Der Kommandant empfing den jungen Offizier nicht unfreundlich und konnte sich einer gewissen Neugierde nicht erwehren, den sonderbaren Nachtschwärmer näher kennen zu lernen und den Grund seines eigentlich unerklärlichen Benehmens zu erfahren.

„Man hat sie heute Nacht Flöte spielend auf der Glacispromenade gesehen, Herr Lieutenant — gesehen und gehört . . . . mit dem Helm auf dem Kopf, Herr Lieutenant . . . . ja, mit dem Helm auf dem Kopf und die Flöte spielend . . . . ja, sogar die Pickelflöte . . . . höchst seltsam, in der That, Herr Lieutenant. höchst seltsam! — Wie wollen Sie mir das erklären, Herr Lieutenant?”

„Ob ich dort gesehen und gehört worden bin, weiß ich nicht, Herr Oberstlieutenant . . . . aber dort war ich allerdings zu der angegebenen Zeit, und die Flöte habe ich auch gespielt, das kann ich nicht leugnen,” antwortete Hans in bescheidenem Tone und sah den alten Herrn dabei freundlich lächelnd an.

„ Also es ist richtig . . . . hm! Sehr seltsam, in der That . . . . und deklamirt haben Sie auch . . . . sehr laut . . . . sehr seltsames Zeug . . . . hm . . . . und dabei den Helm auf dem Kopf . . . . äußerst seltsam — auch einen Namen dabei genannt . . . . einen Namen —”

„Der mir unendlich theuer ist, Herr Oberstlieutenant,” unterbrach ihn Hans. „Ich gebe zu, daß, wer mich gesehen und gehört hat, mich kaum verstanden haben wird, Herr Oberstlieutenant, ich bin nämlich ernstlich verliebt, mein Herz jauchzt himmelhoch, weil ich glaube wieder geliebt zu werden, und ist dennoch zum Tode betrübt, weil der Vater meines geliebten Mädchens mir bis jetzt bei jeder Gelegenheit unzweideutige Beweise seiner Abneigung gegeben hat.”

„In der That . . . . hm, höchst seltsam!” brummte der alte Herr und blickte den aufrichtigen Lieutenant erstaunt an. „Und deshalb laufen Sie um Mitternacht im Glacis herum und spielen die Pickelflöte? . . . . In der That, höchst seltsam . . . . und weshalb setzten Sie dazu den Helm auf?” fragte der Oberstlieutenant, dem gerade dieses Faktum am allerseltsamsten erschien, und der durchaus den Grund dafür erfahren wollte.

„Aus Hochachtung für die Dame meines Herzens, Herr Oberstlieutenant!” platzte Hans heraus, der doch unmöglich den wahren Grund dafür angeben konnte, welcher bekanntlich in der Absicht bestand, den Kommandanten irre zu führen.

„Hm, seltsamer Grund! . . . . Sie sind ein sonderbarer Schwärmer!”

„Das sagte König Philipp zum Marquis Posa auch; aber, Herr Oberstlieutenant, der Marquis war Ordensritter und durfte nicht heirathen — ich aber habe sehr stark die Absicht dies zu thun und werde die passende Gelegenheit dazu benutzen, um mein Ziel zu erreichen,” sagte Hans sehr ernst.

„Ei, ei!

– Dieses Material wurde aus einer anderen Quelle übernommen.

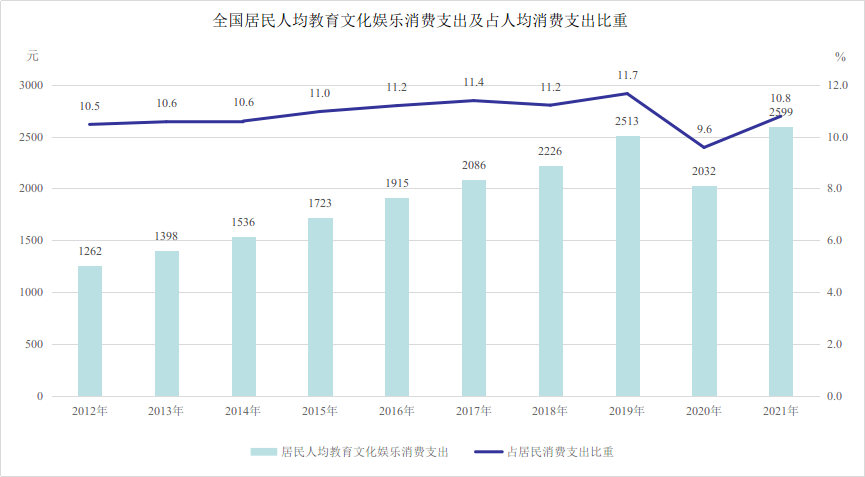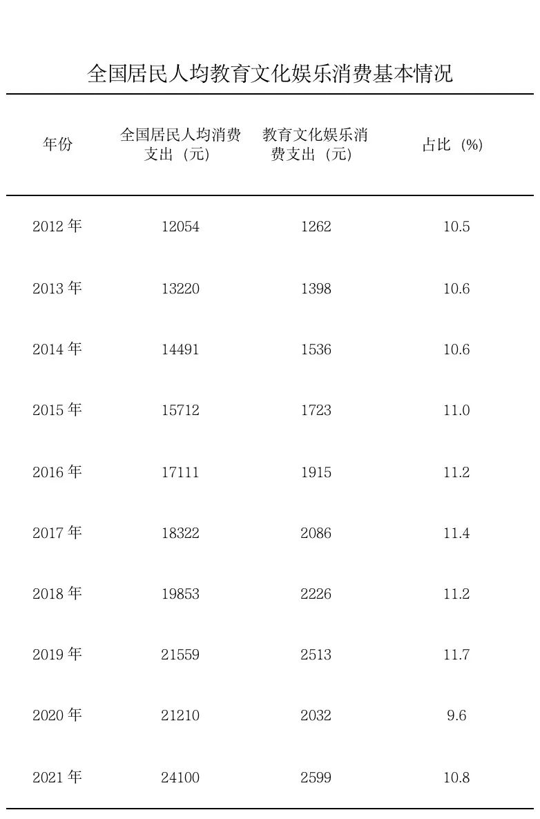 記者從文化和旅游部獲悉,十年來,文化產(chǎn)品和服務(wù)供給不斷豐富,促進文化和旅游消費取得顯著成效。2021年,全國居民人均教育文化娛樂支出2599元,較2012年增長105.9%。
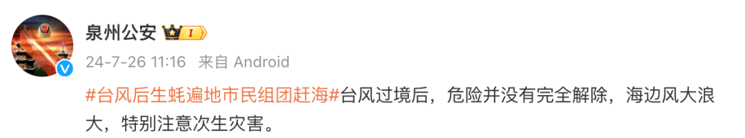 3.台风过后,近岸海水中还可能出现一些危险的海洋生物,比如水母、海胆和海蛇,其毒液可能对人体造成严重伤害,甚至威胁生命。

Sie sprechen ja sehr siegesgewiß, junger Mann,” antwortete der Oberstlieutenant, einigermaßen in Verlegenheit gebracht, da er recht wohl herausfühlte, daß Hans von Hoppe fest auf sein Ziel losging und die ihm aufgedrungene Situation für sich auszunutzen bereit war.

Und diese Absicht hatte er in der That, deshalb trat er einige Schritte näher und sagte:

„Herr Oberstlieutenant, darf ich Ihnen auch den Namen derjenigen nennen, welche mein Herz derartig ausfüllt, daß ich Tag und Nacht nur an sie denke? Es ist Ihr Fräulein Tochter — und ich halte hiermit feierlich um die Hand derselben an.”

Da war es heraus und eine promptere und kürzere Brautwerbung ist wohl selten vorgekommen. Was der Oberstlieutenant dazu gesagt und wie Fräulein Agnes die Sache aufgefaßt hat? Ja nun, das mag sich der freundliche Leser ausmalen — für Liebesgeschichten habe ich kein rechtes Erzählertalent. Thatsache ist, daß der Kommandant kurze Zeit darauf eine große Gesellschaft gab, zu der wir alle eingeladen waren, und daß an dem Abend die Verlobung des jungen Paares proklamirt wurde. Die Geschichte von dem Doppelgänger blieb lange Jahre das Geheimniß der wenigen Mitwisser, und ich selbst habe sie erst nach mehr als zwanzig Jahren erfahren.